2. **`extraction.rs`** — Depends on updated `pdg.rs` types.
   - Update `add_data_flow_edges` call signature (add confidence f32)
   - Update `add_inheritance_edges` call signature (add confidence f32)
   - Replace containment call with `add_containment_edges`
   - Replace `extract_type_dependencies` with `extract_data_flow_edges`
   - Replace `extract_inheritance_edges` with new evidence model
   - Replace import parsing with multi-line regex approach

3. **`parse/parallel.rs`** — Add `source_bytes` to `ParsingResult`.
   (Outside the 3 files but required for `pdg_utils.rs` to compile)

4. **`pdg_utils.rs`** — Depends on all of the above.
   - Update `merged_pdg_from_results` signature (add `RelinkConfig`)
   - Use `source_bytes` from `ParsingResult`
   - Use single-pass edge key collection
   - Add `RelinkConfig`
   - Update `edge_type_code` for `Containment`

5. **All callers** — Update call sites per the breaking API table above.
   Search for `get_forward_impact`, `get_backward_impact`, `add_call_graph_edges`,
   `add_data_flow_edges`, `add_inheritance_edges`, `node.embedding`.

---

## 10. Operating Principles for the Agent

1. **Do not add back unbounded traversal.** If a caller asks for unlimited traversal,
   they must use `TraversalConfig::for_impact_analysis()` and document the intent.
   The `max_nodes: Some(500)` cap in that config is still a safety net.
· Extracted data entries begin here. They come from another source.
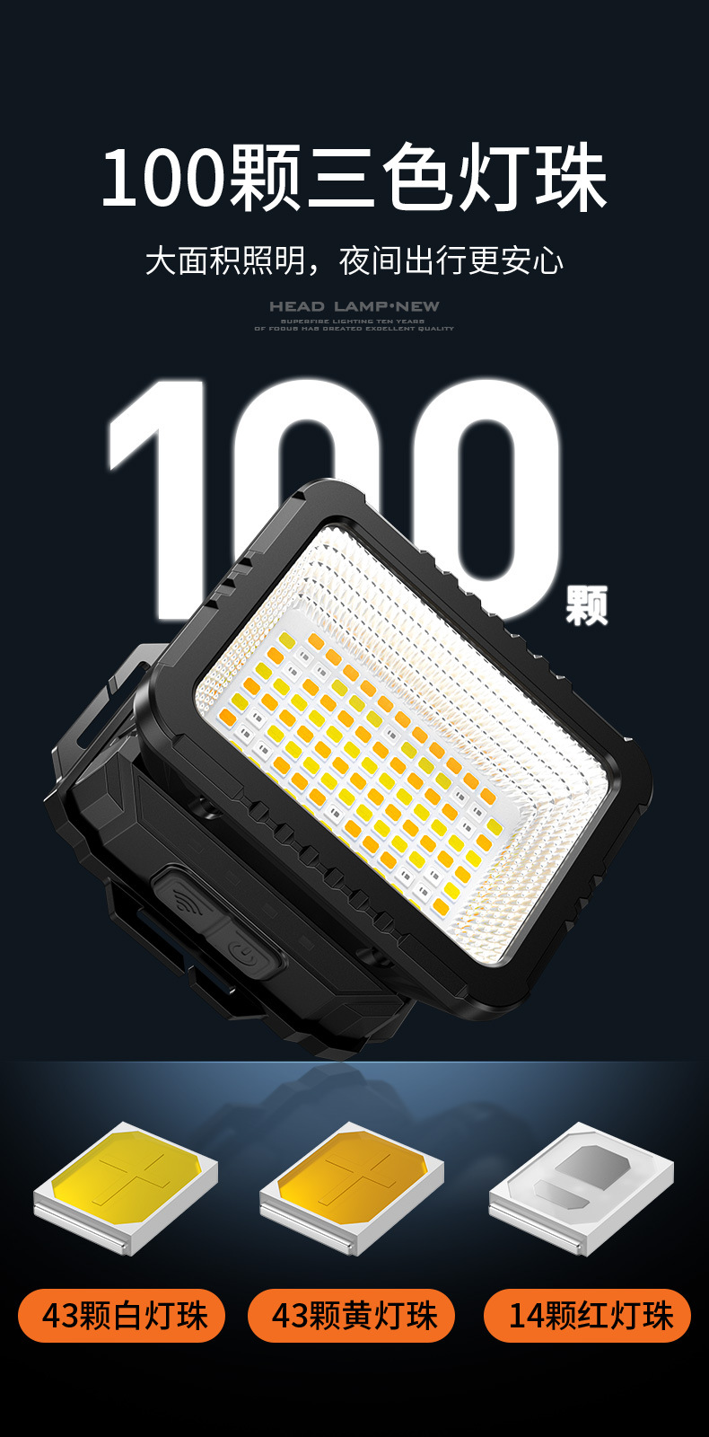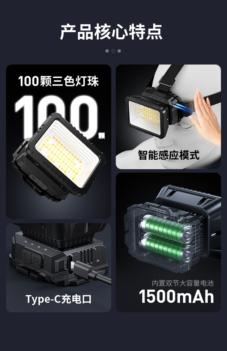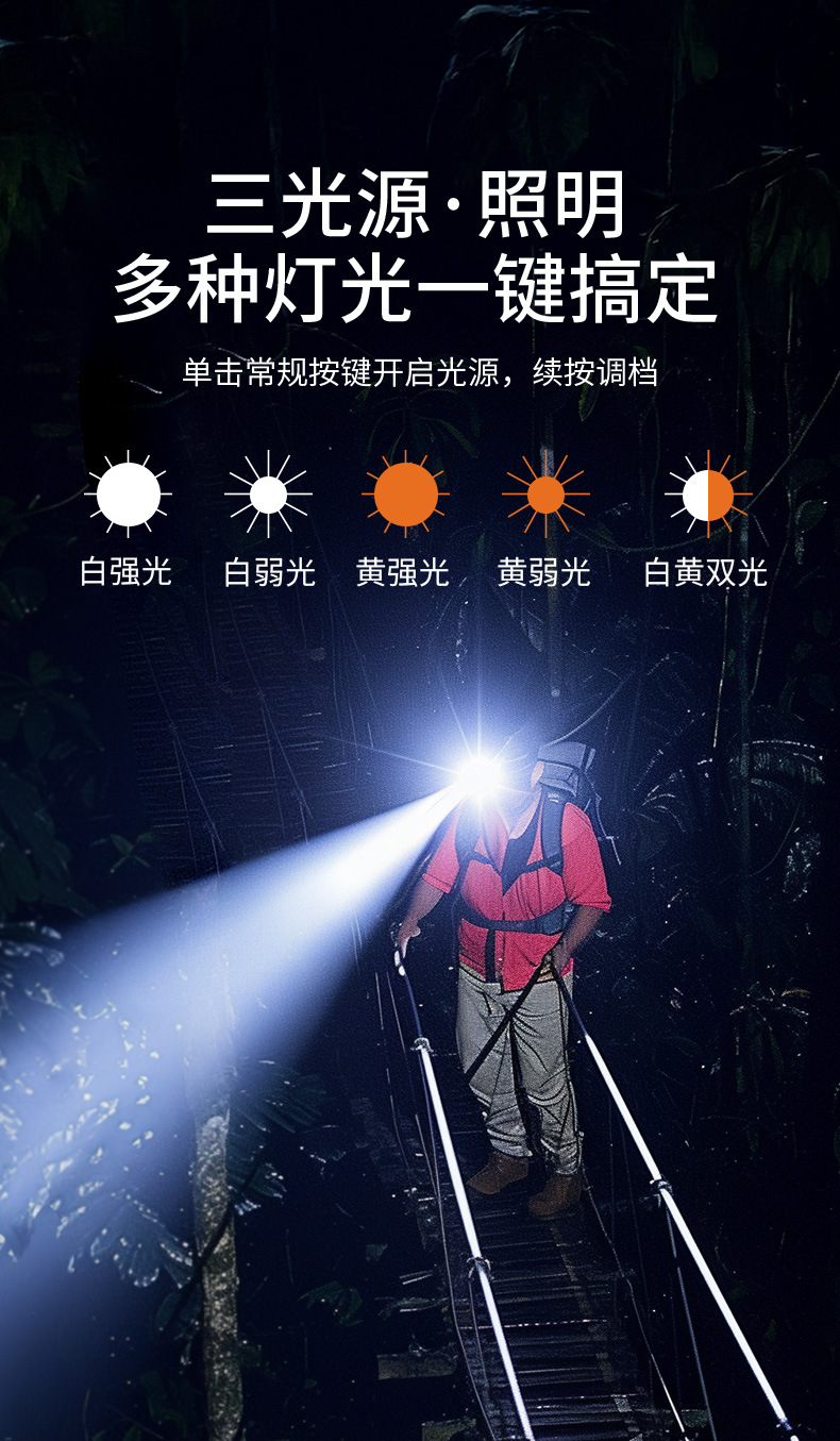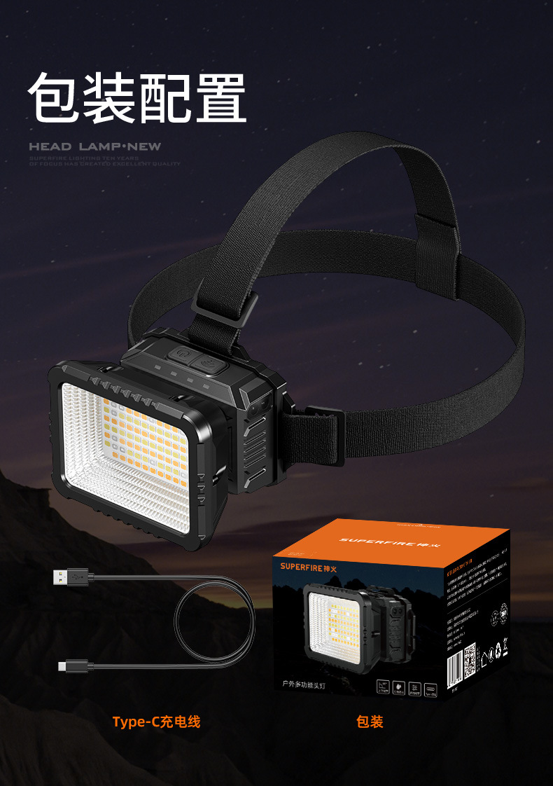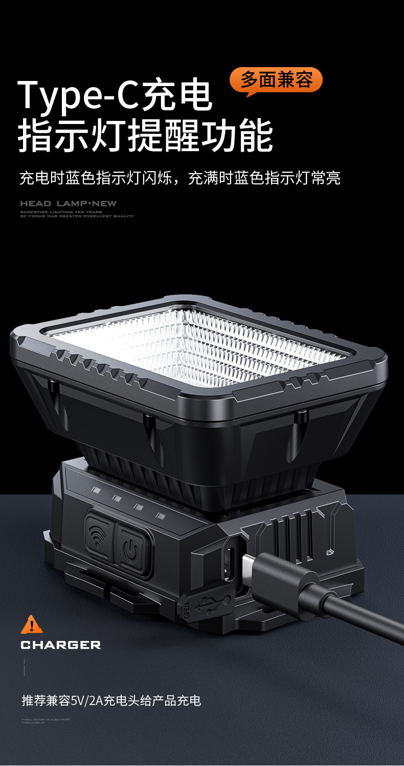 Faros de iluminación de inundación Shenhuo Iluminación exterior Iluminación montada en la cabeza de aventura Luz fuerte de larga duración Luz de inducción led Faros industriales y mineros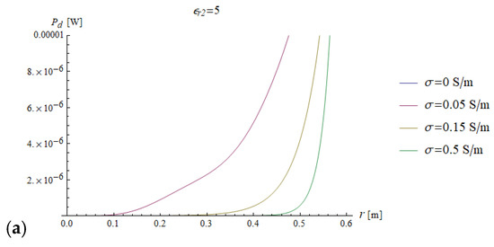 Figure 10 shows the power dissipation, which is the integral of the power density and is a monotonic function of the radial coordinate . As expected, the higher the conductivity, the lower the capacity of the field to penetrate inside the sphere, and the power is mainly dissipated in the peripheral region of the sphere.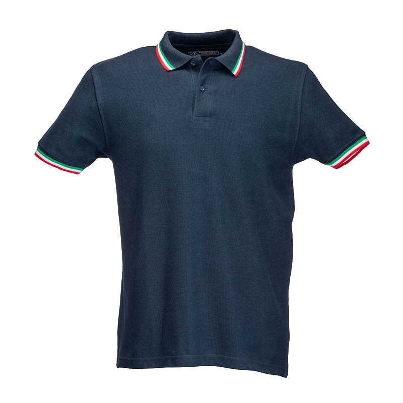 100% piqué cotton (180 g/m2) short-sleeved polo shirt with three-colour trims and two-button collar. Sizes: S/M/L/XL/XXL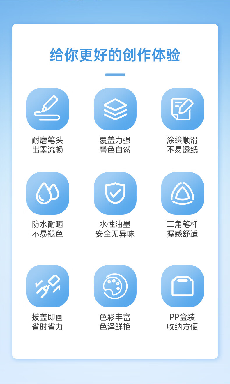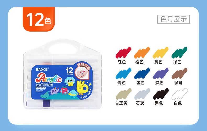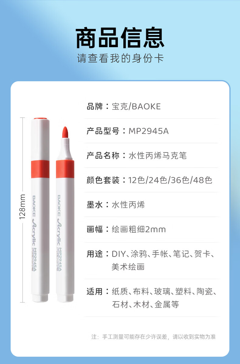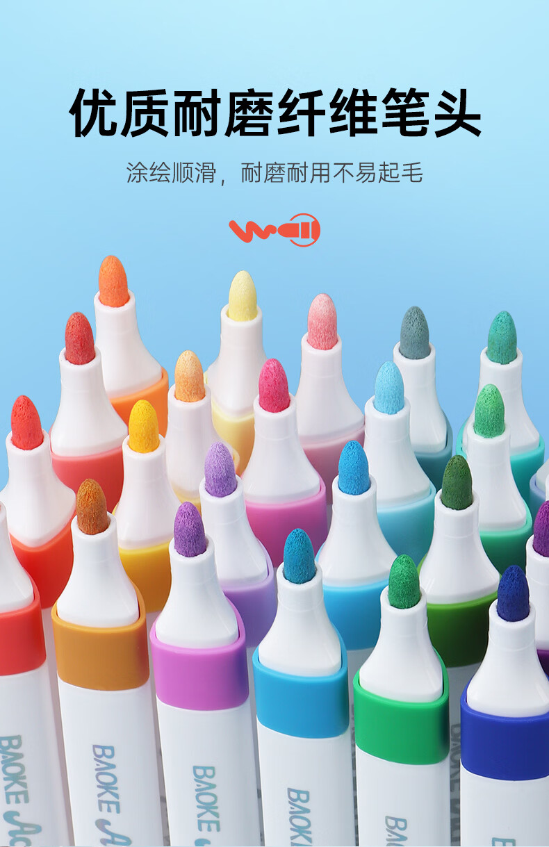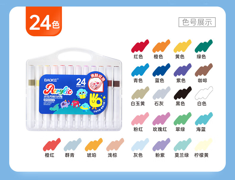 宝克(BAOKE)丙烯马克笔 水性画笔 美术生专用手绘画笔 DIY、涂鸦、手账、笔记、贺卡多功能填色 【亲肤可洗】48色套装 丙烯水性马克笔 彩绘套装

2. **Do not lower `MIN_INHERITANCE_CONFIDENCE` below 0.45.**
   The threshold is already permissive. Lower values will flood the graph with
   false inheritance edges that poison impact analysis.

3. **Do not add types to `EXCLUDED_TYPES` without evidence.**
   Only exclude types that demonstrably produce false positive data flow edges
   in practice. The list is already comprehensive for primitives.

4. **Preserve edge confidence in all merge operations.**
   `merge_pdgs` copies edges from source to target. The `confidence` field in
   `EdgeMetadata` must be preserved. Do not zero it out or strip it.

5. **The containment edge is never a semantic edge.**
   Never include `EdgeType::Containment` in the `allowed_edge_types` of a
   `TraversalConfig` used for impact analysis or LLM context construction.
   It is a structural/display edge only.

6. **Regex compilation is not free.**
   The import parsing functions compile regexes on every call. In production,
   these should be compiled once as lazy statics (`once_cell::sync::Lazy` or
   `std::sync::OnceLock`). The scaffold uses inline `Regex::new` for clarity;
   the agent should add lazy static compilation before production deployment.

7. **The `regex` crate must be added to Cargo.toml.**
   Current `extraction.rs` uses `regex::Regex`. Verify it is in dependencies.
   If the project already uses `regex`, no change needed. If not, add:
   `regex = "1"` to `[dependencies]` in `Cargo.toml`.